Jimmy Buffett once eloquently said that “without geography, you’re nowhere.” But how does that insight apply to restrictive covenants that lack explicit geographic limitations in Georgia? While Jimmy never got to find out, we now have some much-needed clarity from the Georgia Supreme Court.
For many years, most Georgia litigants, individuals, and businesses operated under the assumption that some restrictive covenants did not need to contain an explicitly defined geographic limitation to be deemed “reasonable” in terms of “geographic area” because O.C.G.A. § 13-8-53(a) of the Georgia Restrictive Covenants Act (“GRCA”) did not include such a requirement. That longstanding belief was called into question last year, however, when the Georgia Business Court ruled that North American Senior Benefits, LLC (“NASB”) could not enforce an employee non-solicit covenant because the provision lacked an explicit geographic limitation. On appeal, the Georgia Court of Appeals affirmed the lower court’s ruling. In so doing, it primarily relied upon and adopted the holding in CarpetCare Multiservices v. Carle, 347 Ga. App. 497, 819 S.E.2d 894 (2018), which voided a customer non-solicit because it did not include an explicit geographic limitation.
NASB appealed the Court of Appeals’ decision to the Georgia Supreme Court. Technically, the question certified by the Supreme Court was limited to whether an employee non-recruit must include an explicit geographic area to be “reasonable” under the GRCA.
Last week, the Georgia Supreme Court unanimously reversed the Court of Appeals’ opinion in North American Senior Benefits, LLC v. Wimmer et al., No. S23G1146 (Ga. 2024), holding that an employee non-solicit covenant does not need to contain an explicit geographic limitation to be considered “reasonable” in terms of “geographic area,” as required by the GRCA. In its opinion, the Georgia Supreme Court also rejected the prior CarpetCare ruling, noting that the “plain text” of O.C.G.A. § 13-8-53(a) does not require a restrictive covenant to contain a precise, defined “geographic area.” Instead, the statute only mandates that the applicable “geographic area” (be it expressly defined or merely implied) be “reasonable.” Based on this analysis, the Supreme Court also held that the Statewide Business Court “must assess whether the provision’s geographic scope is reasonable in light of the totality of the circumstances including, but not limited to, the total geographic area encompassed by the provision, the business interests justifying the restrictive covenant, the nature of the business involved, and the time and scope limitations of the covenant.”

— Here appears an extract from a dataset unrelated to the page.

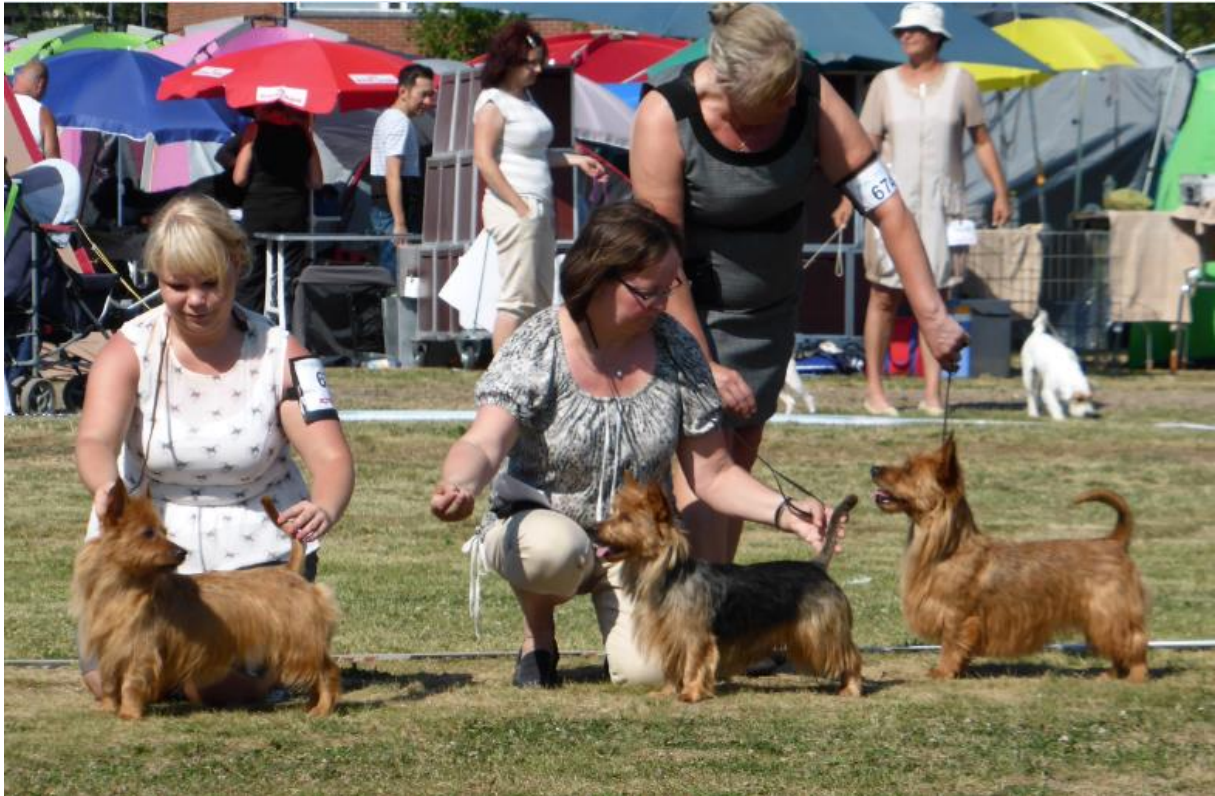
Oben Hündinnen Zwischenklasse, enorm stark besetzt. Ganz rechts zu sehen Hoksel Olympia. Unten Hündinnen Championklasse, Jaskarin Surprise Herself und Melukylän Olan Kohautus.

Notably, the Georgia Supreme Court’s opinion in Wimmer contains additional analysis and direction beyond merely how Georgia courts should rule on geographic limitations contained in an employee non-recruit provision. The Georgia Supreme Court also addressed O.C.G.A. § 13-8-53(c), which concerns situations “whenever a description” of a “geographic area” is required, and held that despite this subsection, “there are times when [a defined geographic area] is not required” opening up its holding to clauses past just employee non-solicits.
Jimmy Buffett also famously said, “indecision may or may not be my problem.” Well, with this Georgia Supreme Court ruling, we can now move forward with some much-needed certainty on an important issue for many employees and employers (maybe even sailors and Parrot Heads?).